I recently set up an account with Revolut.

Revolut is a multi-currency debit card that allows me to transfer up to AUD9,000 per month between currencies effectively for free (that is at inter-bank rates). I also use it as my default card for local purchases, as it operates in exactly the same way as any other debit card.

Revolut has applied a freemium model to a process that has traditionally attracted charges of 300-400 basis points.

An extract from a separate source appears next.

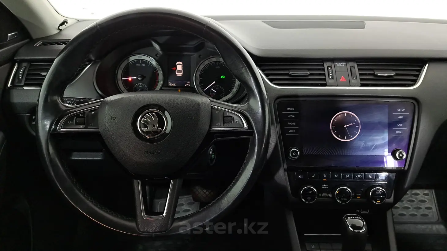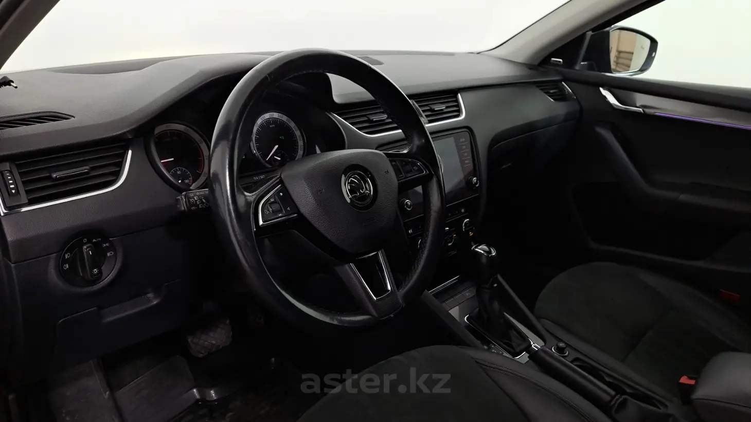 Skoda Octavia 2018 года — практичный и надёжный лифтбэк, сочетающий вместительность, комфорт и отличные ездовые качества. Чёрный цвет кузова подчёркивает строгий и солидный внешний вид автомобиля. Под капотом — бензиновый двигатель объёмом 1.6 л, обеспечивающий уверенную динамику и экономичную эксплуатацию как в городе, так и на трассе. Автоматическая коробка передач делает управление комфортным и плавным, а передний привод гарантирует стабильное и предсказуемое поведение на дороге. Автомобиль оснащён левым рулём. Салон с отделкой из тёмной кожи создаёт премиальное ощущение и отличается практичностью. Просторные сиденья и продуманная эргономика обеспечивают высокий уровень комфорта для водителя и пассажиров.

Fees which – as per the above article – are estimated to be in the hundreds of billions of dollars each year.

That is, every AUD1,000 I convert through Revolut generates a saving of AUD30-40.

Given the amount of money consumers spend online in foreign currencies (or when they are travelling overseas) the potential savings are unprecedented.

(I am a particularly heavy user because of accounts I hold with numerous US-domiciled technology suppliers. So in my case I am forecasting savings of many hundreds – if not thousands – of dollars each year).

Accounting Software Update

Reflecting the momentum that has already been acquired with respect to 2020 targets, we have recently deployed two major upgrades:

  • The previous workaround for the apportionment of member payments has been addressed
  • The interface for migrating funds into Mclowd is now more intuitive, and subjected to increased validation

That these projects have been delivered so early in the year reflects our continued focus on improving usability for high-volume Practitioner users.

Marketplace

Purchases in the Marketplace now make up 8.5% of all transactions in the Community.

Whether it is audit, technical support or assistance with lodgement, the Marketplace has begun to fulfil the role for which it was designed:

  • An Airtasker-style workflow management solution that complements the accounting software
  • A revenue stream that underwrites ongoing development of the overall technology stack

Speaking of his participation in the Community and his use of the Marketplace, SMSF Practitioner Graham Donnelly from Goldrock Accounting had this to say:

I have been using Mclowd on behalf of my clients for a number of years, and have now begun to leverage crowdsourced resources via the Marketplace for day-to-day administration tasks.

While the recurrent savings in licence fees are welcome, it is clear that the Marketplace has far greater potential in terms of driving down the overall costs of the annual fund workflow.

Conclusion

It is not possible to take nearly half a trillion Australian dollars out of the annual revenue line of the world’s banks without consequence.

And no where will these effects be more acutely felt than in the SMSF sector, where (as a recent Commsec report highlighted) the big four banks make up more than 25% of SMSF CHESS holdings.

The Trustees holding those shares (and their advisors) should be under no illusion about the implications of the above commentary.

The rivers of gold that have flowed through those banks and their international peers for decades – including the hundreds of billions in foreign exchange fees – are about to dry up.

Postscript

In a speech last week RBA Governor Dr Phillip Lowe indicated that investors face many years – if not decades – of ultra-low interest rates.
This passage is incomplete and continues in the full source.